26 - Entre as páginas 56 e 63, Anderson transcreve e comenta bem brevemente exemplos literários do surgimento da noção de “comunidade imaginada” que viria a se relacionar com o nacionalismo.
Pág. 61-70
27 - Os romances citados possuem um contexto delimitado, claro e particular. Assim, enquanto que na Bíblia há uma prisão magicamente única em que Salomé se sente enfeitiçada por João Batista, o mesmo não ocorrerá na obra literária de cunho nacionalista ou anticolonial, já que a prisão na qual estará um herói será não única, mas meramente representativa do sistema opressor daquela colônia particular.
(Acho que ele faz essas diferenciações para marcar a diferença entre a “substituição” das dinastias e religiões pela coisa da nação como fator unificador e que dá sentido às coisas. Pra não parecer que essa transição é simples ou que isso explica tudo)

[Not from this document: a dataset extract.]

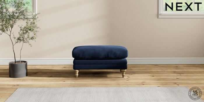 7.2.10 Hutton Deep Relaxed Sit Footstool Luxe Chenille Navy Blue High Turned - Light | Made Click here to use our website with more accessibility support, for example screen readers

28 - Apresenta notícias de diferentes partes do mundo presentes na primeira página de uma edição do New York Times. A ligação implícita entre todas elas vem de um vínculo imaginado. Tal vínculo vem do “avanço constante do tempo vazio e homogêneo” e da relação entre o jornal e um mercado, qual seja, a criação da ficção da comunidade, neste caso, de um tipo específico de comunidade (diferente da religiosa unida pela língua sagrada): a “comunidade imaginada secular, historicamente regulada pelo relógio”.
29 - Ao fim do capítulo, resume as três quedas que criaram o ambiente propício ao florescimento do nacionalismo: a) a ideia de língua escrita oferecendo acesso privilegiado à verdade ontológica justamente por ser parte desta inclusive; b) a organização em torno de centros elevados, como o monarca que teria seu poder na legitimidade divina e seria um elo entre os mundos; c) a confusão temporal entre cosmologia e história e as origens dos homens e do mundo como sendo essencialmente as mesmas. Esse conjunto todo dava sentido explicativo às fatalidades da vida e oferecia redenção.
30 - … As dinamites que explodiram esse edifício foram a transformação econômica; as descobertas sociais e científicas e o desenvolvimento de meios de comunicação cada vez mais velozes. Tudo isso levou à separação entre cosmologia e história, fazendo com que se iniciasse nova busca para reunificar a fraternidade, o poder e o tempo. O capitalismo editorial viria a catalisar essa busca, mudando a forma como as pessoas pensavam sobre si mesmas e se relacionavam umas com as outras.